BRIEF:
In the listing beneath this line, copy exactly the lines starting with the one containing "iJoy Ultra Wireless" and going on through the one containing "Um den eigenen".

THE DATA:
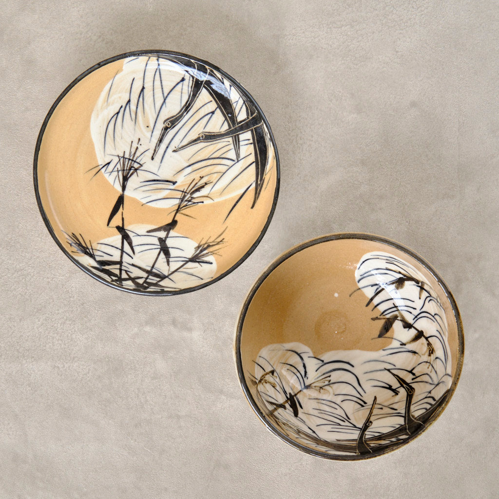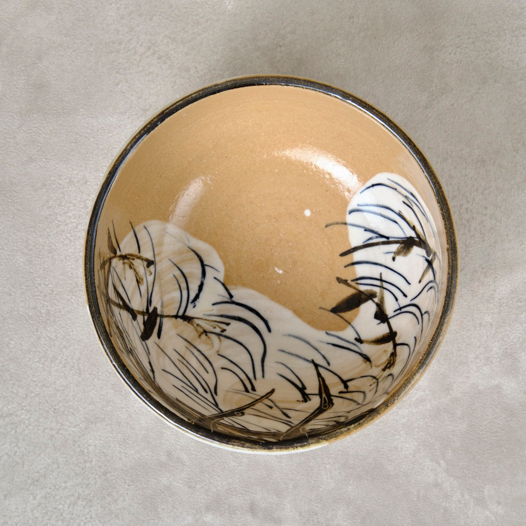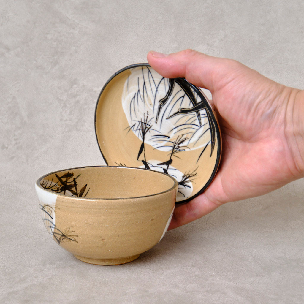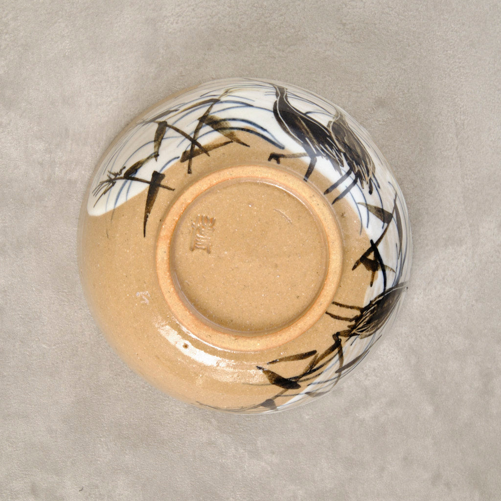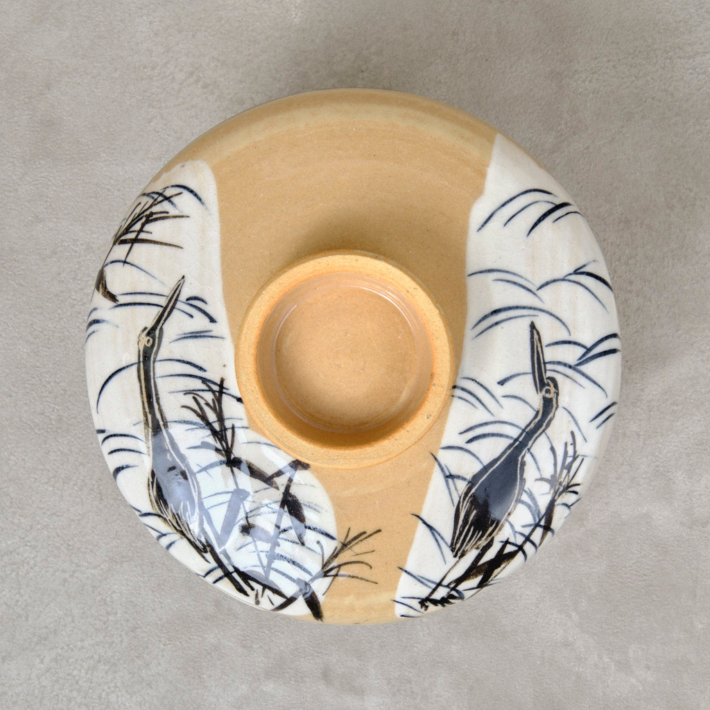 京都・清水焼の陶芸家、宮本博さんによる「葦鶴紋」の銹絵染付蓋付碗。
---
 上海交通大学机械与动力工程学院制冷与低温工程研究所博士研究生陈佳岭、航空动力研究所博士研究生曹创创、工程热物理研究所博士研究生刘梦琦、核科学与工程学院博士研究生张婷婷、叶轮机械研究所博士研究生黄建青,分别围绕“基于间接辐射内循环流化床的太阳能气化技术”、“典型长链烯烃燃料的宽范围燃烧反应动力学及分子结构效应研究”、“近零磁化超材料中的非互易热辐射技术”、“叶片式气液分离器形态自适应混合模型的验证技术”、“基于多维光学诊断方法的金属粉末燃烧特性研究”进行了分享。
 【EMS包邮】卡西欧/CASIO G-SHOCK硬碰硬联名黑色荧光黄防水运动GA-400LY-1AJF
* * *
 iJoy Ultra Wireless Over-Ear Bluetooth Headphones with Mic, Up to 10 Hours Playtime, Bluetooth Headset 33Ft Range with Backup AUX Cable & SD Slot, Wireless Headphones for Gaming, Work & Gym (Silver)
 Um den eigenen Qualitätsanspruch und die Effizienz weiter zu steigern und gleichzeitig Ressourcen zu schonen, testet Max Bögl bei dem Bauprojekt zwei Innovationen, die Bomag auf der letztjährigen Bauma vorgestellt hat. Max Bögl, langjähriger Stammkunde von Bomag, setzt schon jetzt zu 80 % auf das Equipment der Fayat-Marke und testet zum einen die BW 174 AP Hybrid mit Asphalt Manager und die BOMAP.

SOLUTION FOR THIS EXERCISE:
 iJoy Ultra Wireless Over-Ear Bluetooth Headphones with Mic, Up to 10 Hours Playtime, Bluetooth Headset 33Ft Range with Backup AUX Cable & SD Slot, Wireless Headphones for Gaming, Work & Gym (Silver)
 Um den eigenen Qualitätsanspruch und die Effizienz weiter zu steigern und gleichzeitig Ressourcen zu schonen, testet Max Bögl bei dem Bauprojekt zwei Innovationen, die Bomag auf der letztjährigen Bauma vorgestellt hat. Max Bögl, langjähriger Stammkunde von Bomag, setzt schon jetzt zu 80 % auf das Equipment der Fayat-Marke und testet zum einen die BW 174 AP Hybrid mit Asphalt Manager und die BOMAP.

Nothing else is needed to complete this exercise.